ISM services sector index ticks higher than expected in August
Growth in the US services sector picked up more than expected in August, according to figures released on Thursday.
The Institute for Supply Management's services index rose to 56.4 from 53.7 in July, beating expectations for a reading of 54.0.
The non-manufacturing business activity index increased to 61.5 from 53.1 the month before.
Meanwhile, the new orders index printed at 60.3 compared to 54.1 in July and the employment index fell to 53.1 from 56.2. The prices index rose to 58.2 last month from 56.5 in July.

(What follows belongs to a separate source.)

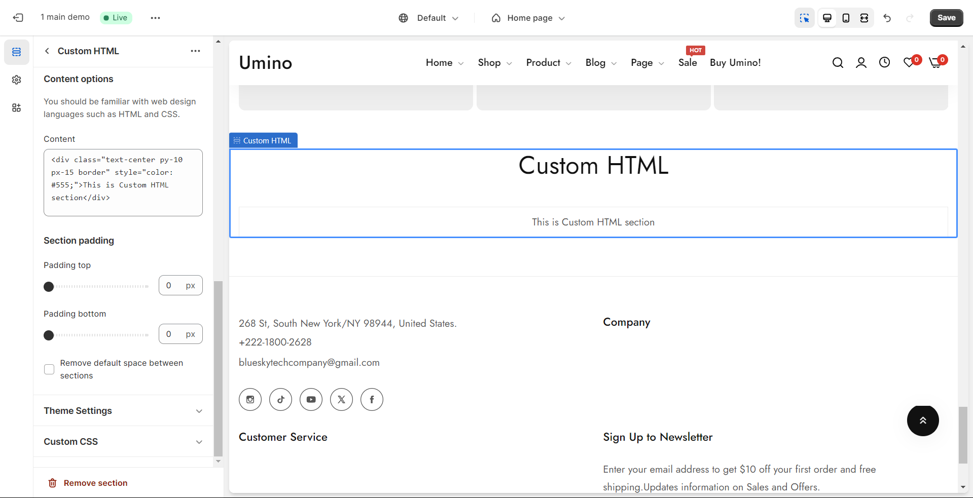 Custom HTML is a section allows you to build up your own space on your website. However, it requires you to be familiar with web design languages (such as HTML, CSS,...) to take advantages of it.

Respondents said they remained concerned about tariffs and geopolitical uncertainty. However, they were mostly positive about business conditions.
Paul Ashworth, chief US economist at Capital Economics, said the rebound in the ISM non-manufacturing index is a reminder - alongside the August ADP data released earlier - that the US economy is hanging in there, even though the manufacturing sector specifically is in recession.
"Nevertheless, the weighted average of the manufacturing and non-manufacturing indices is still only at a level consistent with GDP growth of slightly less than 2% annualised, which is about the pace implied by our GDP trackers for third-quarter growth.
"Looking at the breakdown, the new orders and business activity indices both rebounded sharply, but the employment index fell further to 53.1, from 56.2. At that level, the employment index is consistent with monthly service sector payroll gains of 125,000, which is well below the 184,000 gain reported in the ADP survey.
"Overall, there is still only limited evidence of the global manufacturing weakness spilling over into domestic services."
Ian Shepherdson, chief economist at Pantheon Macroeconomics, said: "This looks good relative to the consensus but the key point here is that under normal circumstances we would have expected a much higher number. The index tends to lag the rate of growth of core retail sales, which pointed to a reading of about 59.
"Instead, the survey is weaker than implied by the sales numbers for the third straight month, presumably because fear of the impact of tariffs on imported consumer goods, and higher tariffs on non-consumer goods, is outweighing the positive effect of recent strong growth in core retail sales.
"As a result, the employment index fell to 53.1, the lowest reading since March 2017, from 56.2 in July. Coupled with the drop in the manufacturing employment index reported Tuesday, and the weakness of temporary hiring, our index of hiring intentions is now at its lowest point since early 2017, and it signals to sub-100K payroll growth by November."